- **TASK STATEMENT**
Range to repeat from the listing below: the line containing "like?」「I like peaches!」" down to the line containing "Green Rectangular Cubicle", both included. Copy it exactly, pictures excluded, and add nothing else.

- **DATA PROVIDED**
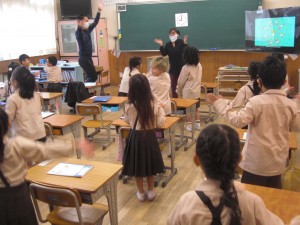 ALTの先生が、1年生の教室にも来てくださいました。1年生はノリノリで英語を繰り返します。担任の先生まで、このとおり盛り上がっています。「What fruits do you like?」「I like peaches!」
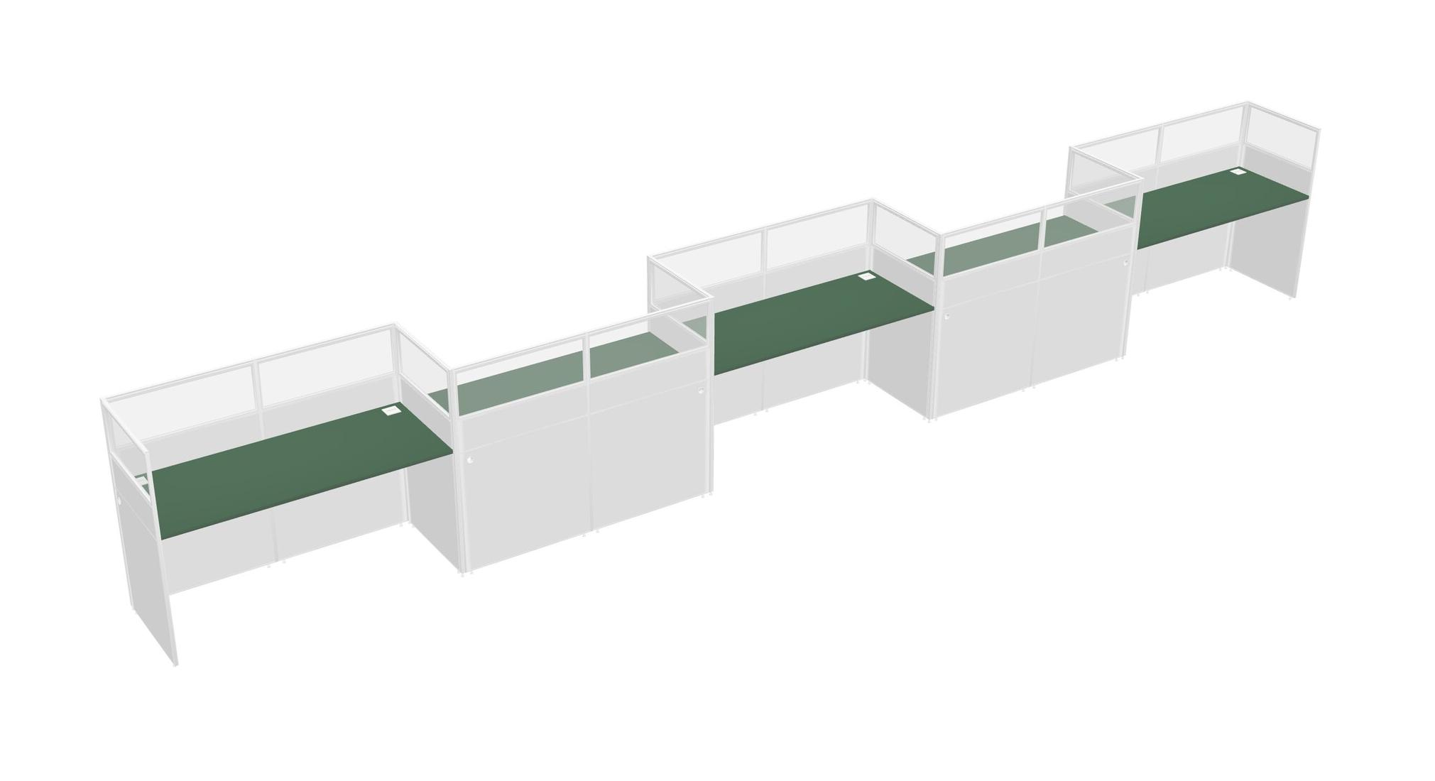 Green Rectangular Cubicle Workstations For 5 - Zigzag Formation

* * *

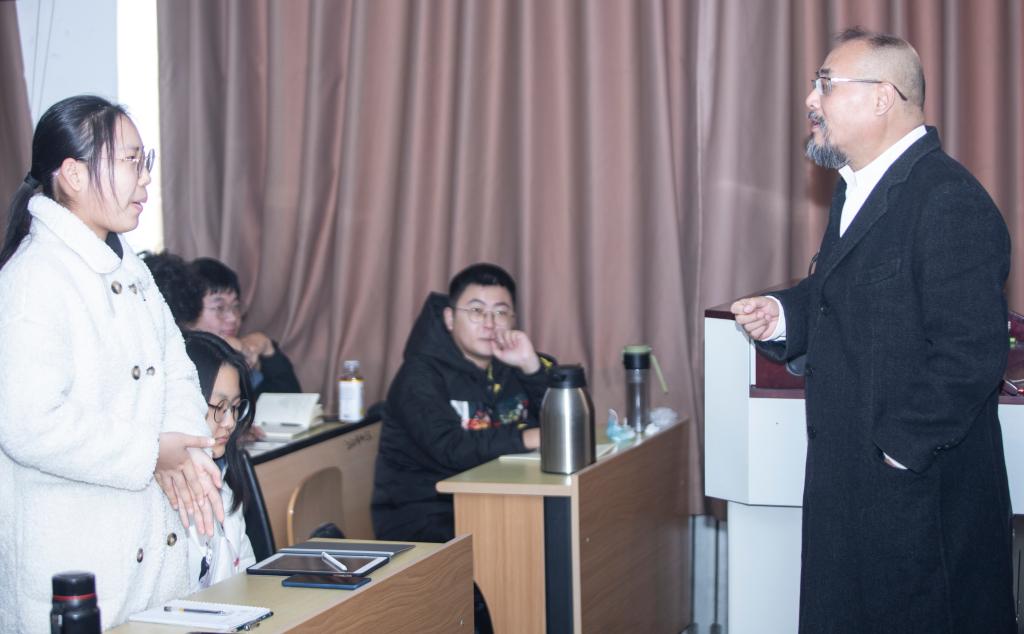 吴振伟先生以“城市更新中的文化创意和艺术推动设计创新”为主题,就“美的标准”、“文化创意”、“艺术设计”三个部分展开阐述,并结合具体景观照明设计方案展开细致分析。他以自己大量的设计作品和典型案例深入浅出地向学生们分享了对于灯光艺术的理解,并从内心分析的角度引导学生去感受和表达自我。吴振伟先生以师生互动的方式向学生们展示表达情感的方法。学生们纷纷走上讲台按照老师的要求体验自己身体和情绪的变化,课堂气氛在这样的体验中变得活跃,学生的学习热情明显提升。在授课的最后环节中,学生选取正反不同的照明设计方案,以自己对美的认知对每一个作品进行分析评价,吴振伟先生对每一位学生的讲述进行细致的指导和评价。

...

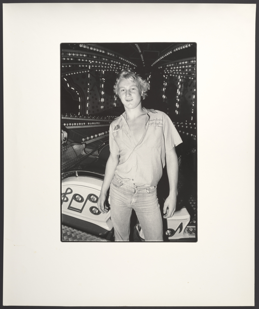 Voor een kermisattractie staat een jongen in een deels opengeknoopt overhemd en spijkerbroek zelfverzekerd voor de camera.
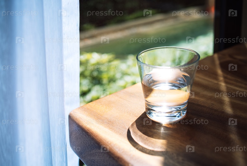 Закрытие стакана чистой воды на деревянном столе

- **TASK RESPONSE**
 ALTの先生が、1年生の教室にも来てくださいました。1年生はノリノリで英語を繰り返します。担任の先生まで、このとおり盛り上がっています。「What fruits do you like?」「I like peaches!」
 Green Rectangular Cubicle Workstations For 5 - Zigzag Formation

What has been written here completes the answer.